Examples of the SAGA design pattern:

Let's take a look at some examples to see how the SAGA design pattern can be used in practice.

Order Processing System:

Consider an order processing system for an online retailer. The system consists of several microservices, including a service for managing inventory, a service for managing payments, and a service for managing shipping.

When a customer places an order, the order processing system needs to execute several steps to fulfill the order. These steps include checking inventory, processing payment, and shipping the order.

To ensure data consistency across these steps, the order processing system can use the SAGA design pattern. The coordinator would initiate the transaction by sending a message to the inventory service to reserve the items in the order. 

If the inventory service responds with a success message, the coordinator would then send a message to the payment service to charge the customer's credit card. If the payment service responds with a success message, the coordinator would then send a message to the shipping service to ship the order.

If any of the steps fail, the coordinator would initiate the compensating actions. For example, if the payment service fails to charge the customer's credit card, the compensating action would be to release the reserved items in the inventory service.

SAGA Pattern Example - Flight Booking System

Consider a flight booking system that allows customers to book flights from multiple airlines. The system consists of several microservices, including a service for managing airline reservations, a service for managing payment.

When a customer books a flight, the flight booking system needs to execute several steps to complete the booking. These steps include reserving a seat on the flight, charging the customer's credit card, and updating the customer's information.
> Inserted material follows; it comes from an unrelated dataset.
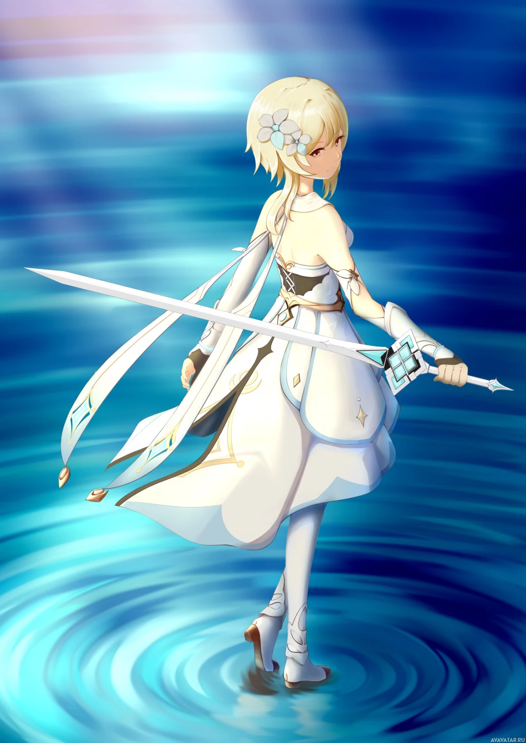 an animated character standing in water. She is wearing a sword on her hip and holding another sword in her hand, suggesting she might be from the game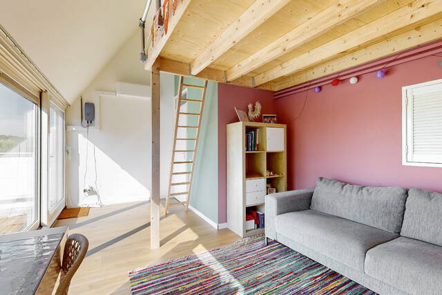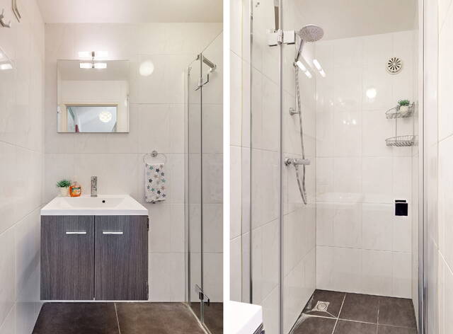 The mezzanine is accessible via a number of steps. The landing provides access to a third bedroom, the second bathroom and a separate toilet. The modern bathroom has a walk-in shower and a sink with furniture.

To ensure data consistency across these steps, the flight booking system can use the SAGA design pattern. The coordinator would initiate the transaction by sending a message to the airline reservation service to reserve a seat on the flight. If the reservation service responds with a success message, the coordinator would then send a message to the payment service to charge the customer's credit card. If the payment service responds with a success message, the coordinator would then send a message to the customer information service to update the customer's information with the reservation details.

If any of the steps fail, the coordinator would initiate the compensating actions. For example, if the payment service fails to charge the customer's credit card, the compensating action would be to release the reserved seat in the airline reservation service.

One of the advantages of using the SAGA design pattern is that it allows for a higher degree of flexibility and scalability in microservices architecture. Each step in the transaction can be implemented as a separate microservice, allowing for better isolation of concerns and easier maintenance and scaling of the system.

Another advantage of the SAGA design pattern is that it can help to improve the fault tolerance of the system. If a step in the transaction fails, the compensating action can be used to undo the effects of the failed step and roll back the transaction. This can help to prevent data inconsistencies and maintain the integrity of the system.

However, it's important to note that the SAGA design pattern is not a silver bullet solution for all transaction management problems. It may not be suitable for all types of transactions, and there may be situations where other approaches, such as two-phase commit or event-driven architecture, may be more appropriate.

Conclusion

The SAGA design pattern is a powerful technique for managing data consistency in distributed transactions within a microservices architecture. It provides a way to handle transactions that span multiple services and ensure that all services involved in the transaction agree on the outcome of the transaction. 

By breaking down a transaction into a series of steps and using compensating actions to undo the effects of previous steps, the SAGA pattern allows for robust and reliable transaction management.

 With the examples provided in this article, we hope to have demonstrated the usefulness and versatility of the SAGA design pattern in practical scenarios.